Bunting, who also wrote “Sea Struck,” will speak at 6 p.m. Thursday, Nov. 11, in Special Collections on the third floor of Fogler Library, University of Maine.

“Sea Struck” tells the story of world voyages aboard square-rigged ships just before and after the turn of the century.

The Oct. 25 Family Ties on the royal roots of President George W. Bush and John Kerry sparked a lot of interest and a number of questions, principally on the source of the information on President Bush’s ancestry.

There are many sources on the Internet relating to presidential ancestry, including the Famous People link at cyndislist.com. I also used William Addams Reitwiesner’s 139 pages of information on President Bush at wysiwig://20/http://hometown.aol.com/wreitwiesn/candidates2000/bush.html.

His work is based on Gary Boyd Roberts’ “Ancestors of American Presidents” and the unpublished research of Michael E. Pollock, who studied the genealogy of Barbara Bush.

The great-grandparents of President George Bush are:

. Samuel Prescott Bush, b. Brick Church, N.J.

. Flora Sheldon, b. Franklin Co., Ohio.

. George Herbert Walker, b. St. Louis, Mo.

. Lucretia Wear, b. St. Louis, Mo.

. Scott Pierce, b. Sparkville, Pa.

. Mabel Marvin, b. Cincinnati, Ohio.

. James Edgar Robinson, b. near Marysville, Ohio.

. Lula Dell Flickinger, b. Byhalia, Ohio.

The first four are on the Bush side of the family, the second four on his mother’s Pierce side of the family.

The New England great-great-great-grandparents are:

. Samuel Howard Fay, b. Cambridge, Mass., grandfather of Samuel Prescott Bush.

. Thomas H. Sheldon, b. Providence, R.I., grandfather of Flora Sheldon.

. Elizabeth Slade Pierce, b. Providence, R.I., grandmother of Flora Sheldon.

. Gen. James Pierce, b. Swanzey, N.H., grandfather of Scott Pierce.

. Chloe Holbrook, b. Swanzey, N.H., grandmother of Scott Pierce.

Holbrook, of course, is an old Massachusetts and Maine name, as well.

The September-October issue of UMaine Today contained a wonderful article by Margaret Nagle on Special Collections at Fogler Library at the University of Maine.
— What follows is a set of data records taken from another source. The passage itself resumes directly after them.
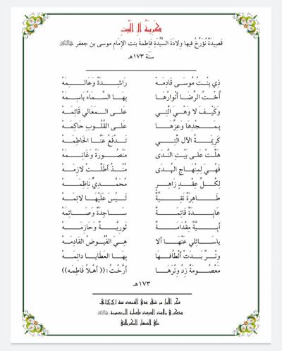 يا بِنْتَ مُوسَى وَابْنَـةَ الأَطْهــارِ أُخْتَ الرِّضـا وَحَبِيبَةَ الجَبَّــار
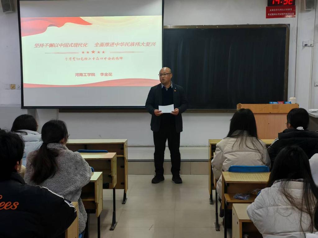 12月30日上午,河南工学院经济学院邀请我校党的二十届四中全会精神宣讲团成员李金花,在教二B206教室举办了一场主题鲜明、内容深刻的学习宣讲会,以“坚持不懈以中国式现代化全面推进中华民族伟大复兴”为主题,学习贯彻党的二十届四中全会精神。经济学院预备党员、入党积极分子、各班级团支书、青马班及学生会干部参加会议,共同领悟全会精神,明确时代方位,凝聚青春力量,宣讲学习活动由经济学院党委书记尚林鹏主持。
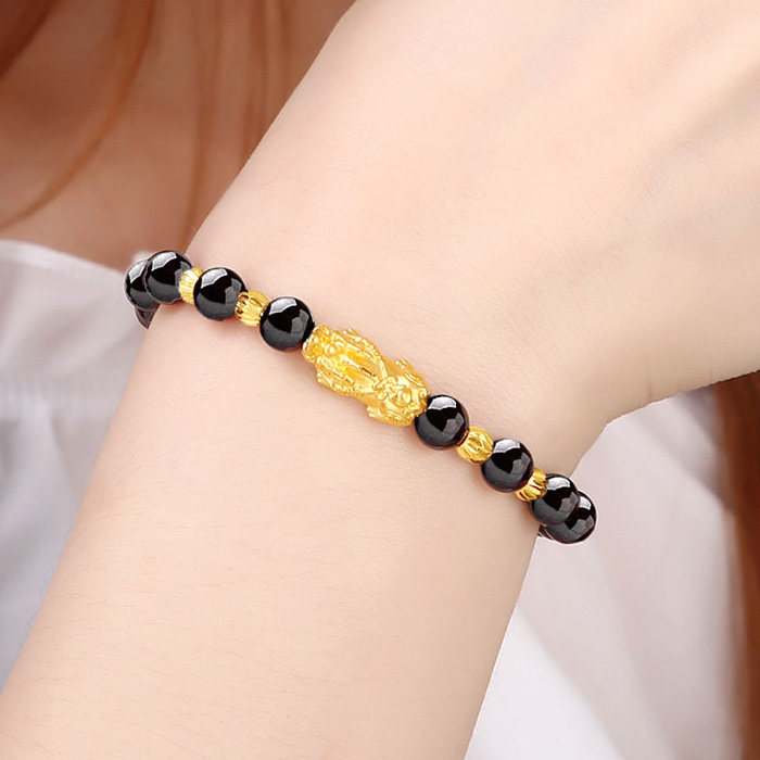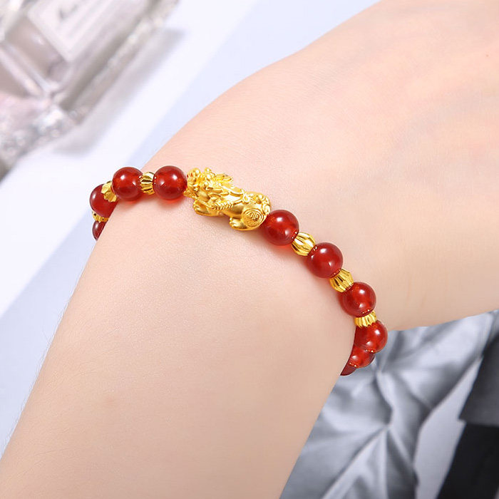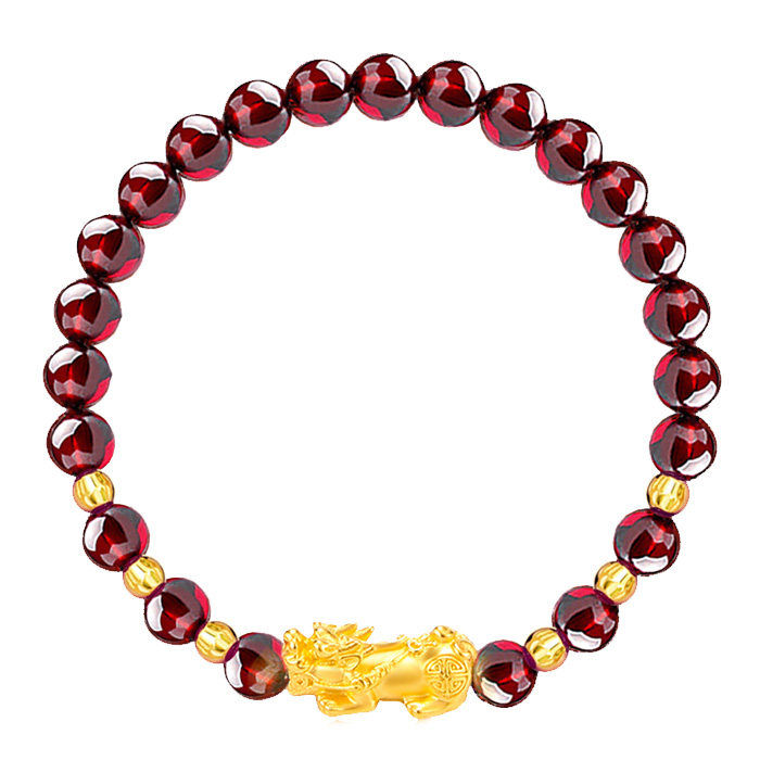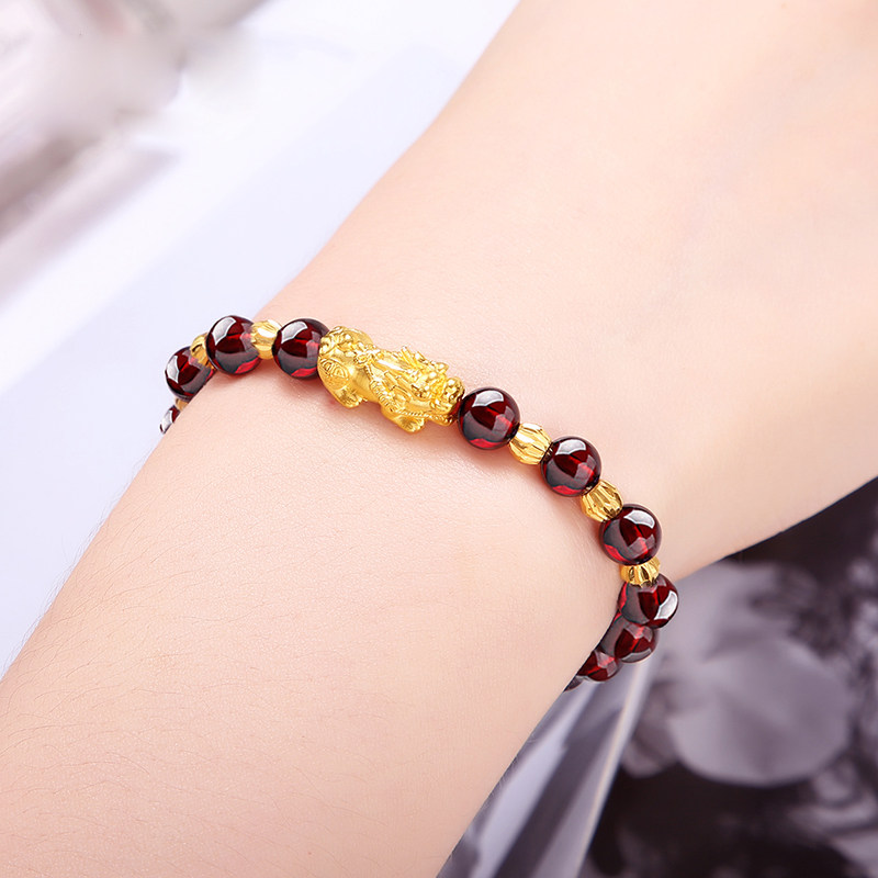 黄金招财貔貅手链3D硬金本命年手串天然酒红石榴石手饰送女友礼物
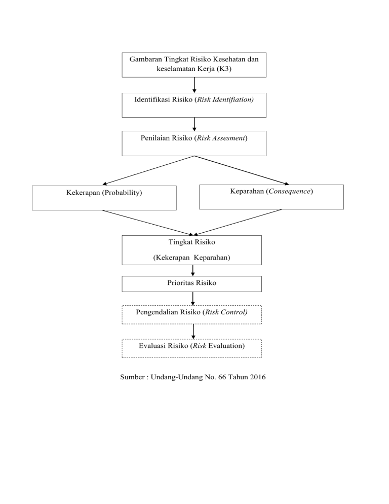 Gambaran Tingkat Risiko Kesehatan dan keselamatan Kerja (K3) Identifikasi Risiko (Risk Identifiation) Penilaian Risiko (Risk Assesment) Keparahan (Consequence) Kekerapan (Probability) Tingkat Risiko (Kekerapan Keparahan) Prioritas Risiko Pengendalian Risiko (Risk Control) Evaluasi Risiko (Risk Evaluation) Sumber : Undang-Undang No. 66 Tahun 2016
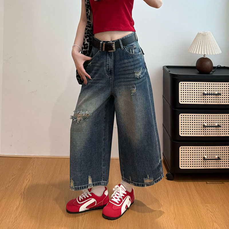 아메리칸 레트로 작은 대중 파란색 찢어진 부분 8 점 청바지 여성 2026 여름 새로운 다용도 루즈핏 와이드 레그 팬츠
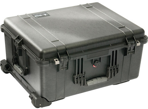 The used black Pelican 1610 Large Case without Foam is an unbreakable, watertight, airtight, dustproof, chemical resistant and corrosion-proof hard case used to carry any kind of equipment.
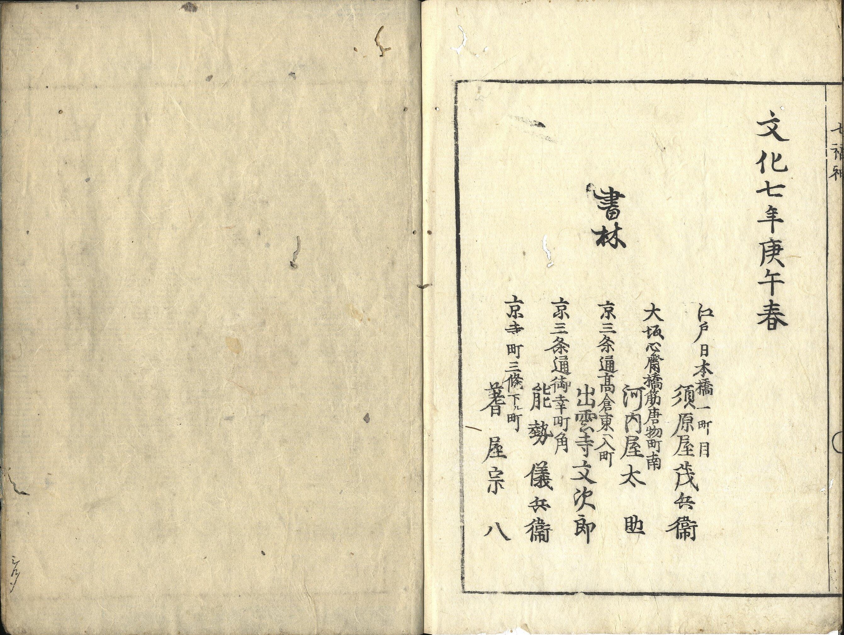 【年代等】文化元年8月作。文化7年春刊。[京都]蓍屋宗八ほか板。【備考】分類「心学」。「七福神のきらひ給ふ七ヶ条(禁方七ヶ条)」、すなわち「普請并道具好之事」「浄瑠璃をならふ事」「海山え逍遙する事」「誹諧を心懸事」「樹木を玩事」「犬・鶏を愛する事」「気に入人を親事」の7カ条を中心に生活心得を述べた心学系教訓書。
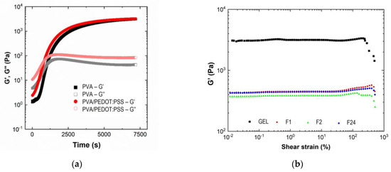 Gelation of hydrogels and viscoelastic properties under shear strain: (a) evolution of G′ and G″ as a function of time at 25 °C for PVA- and PVA/PEDOT:PSS hydrogels (GEL, 1.12%wt DBSA); (b) variation of the elastic modulus (G′) with shear strain at a fixed frequency, f = 1.0 Hz.
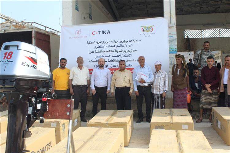 من جانبه أكد مدير وكالة تيكا للتنسيق والتعاون التركية في بلادنا يحيى اجو، أن هذه الدفعة الأولى من المحركات البحرية وعددها 21 محرك حديث ذات كفاءة عالية ضمن استراتيجية المشاريع التنموية وتحسين سبل العيش التي تنفذها الوكالة وسيكون لها مشاريع اخرى للصيادين في توزيع الشباك ومعدات الصيد، مشيرًا أنه سيناقش في لقاءات قادمة مع هيئة المصائد السمكية والجهات ذات العلاقة كيفية دعم المرأة الساحلية في خليج عدن وأي مشاريع أخرى قد يطلبها الصيادين وهيئة المصائد حسب الاحتياج.
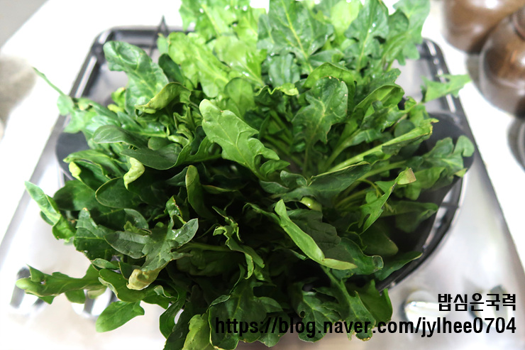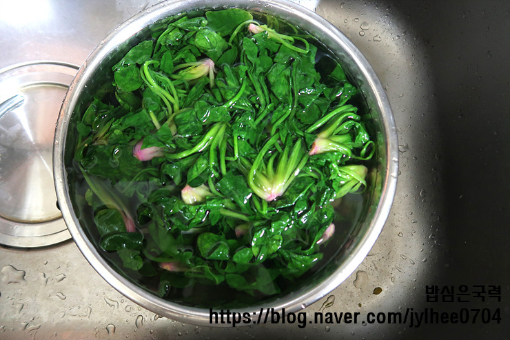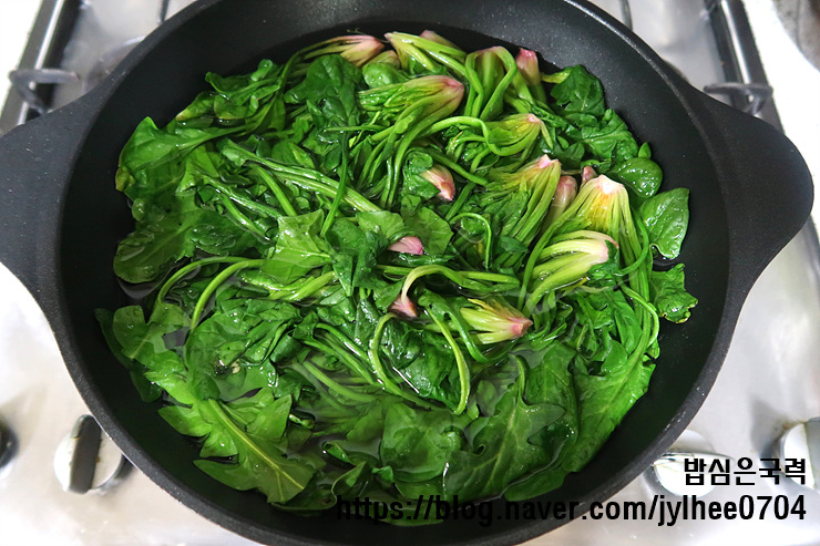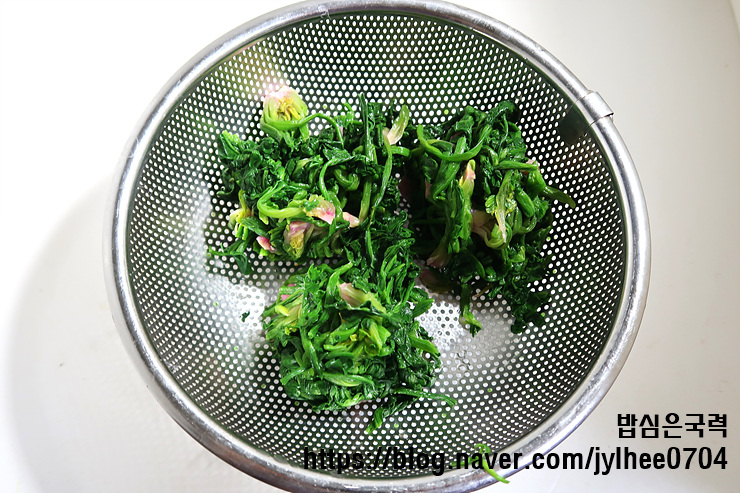이 때 뿌리 부분부터 먼저 데쳐요.
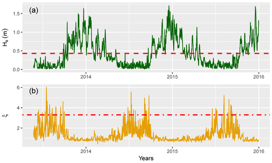(a) Time series of SWAN significant wave height at m depth (green line) and the horizontal line at its mean value m (red dashed line). (b) Time series of the surf similarity parameter (yellow line) and the horizontal line at the threshold value of (red dashed line).
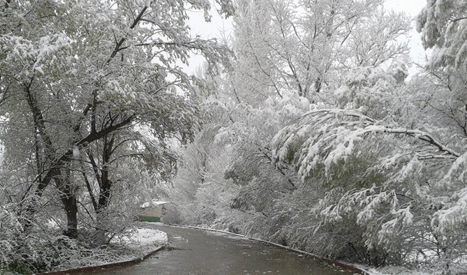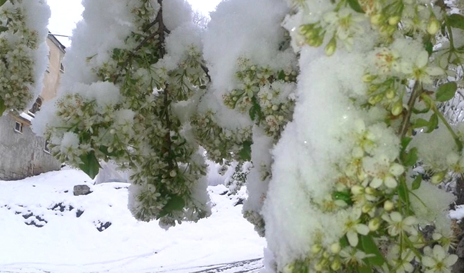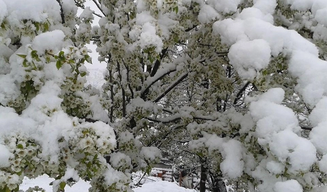 Ağaçların çiçek açtığı Çamoluk'ta,kar ile birlikte ender rastlanacak görüntüler meydana geldi.
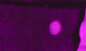 The above photo was taken by Paige Hughes using our camera in the far area of the cellar. This light anomaly is producing it's own energy source. We have no explanation what it is but is in keeping with other evidence we have gathered over many years but it's still remains rare to capture this type of anomaly (right image is magnified)
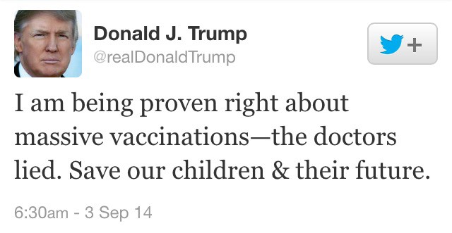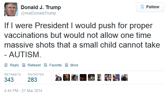 Donald Trump has publicly spoken out about the dangers of vaccinations, and has said he believes that vaccines cause autism.
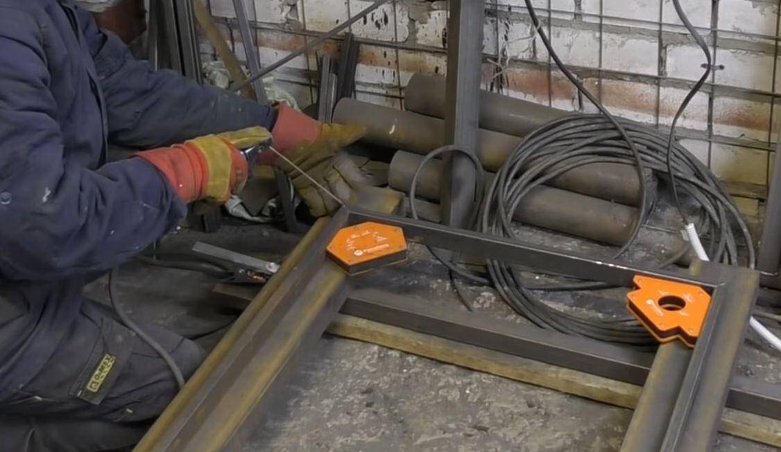 Для обеспечения жёсткости конструкции посредине рамки нужно приварить поперечину из той же квадратной трубы. Горизонтальность поперечной перемычки следует проверить при помощи уровня.

As Nagle points out, the collections number some 1,200 – whew!

They range from the papers of U.S. Vice President Hannibal Hamlin to papers of author Stephen King – and everything in between. That includes William S. Cohen’s walking shoes, the music of R.B. Hall and a souvenir piece of the ballast of the British frigate Margaretta, captured by the men of Machias on June 12, 1775.

And yes, there is much genealogical information for those willing to look for it.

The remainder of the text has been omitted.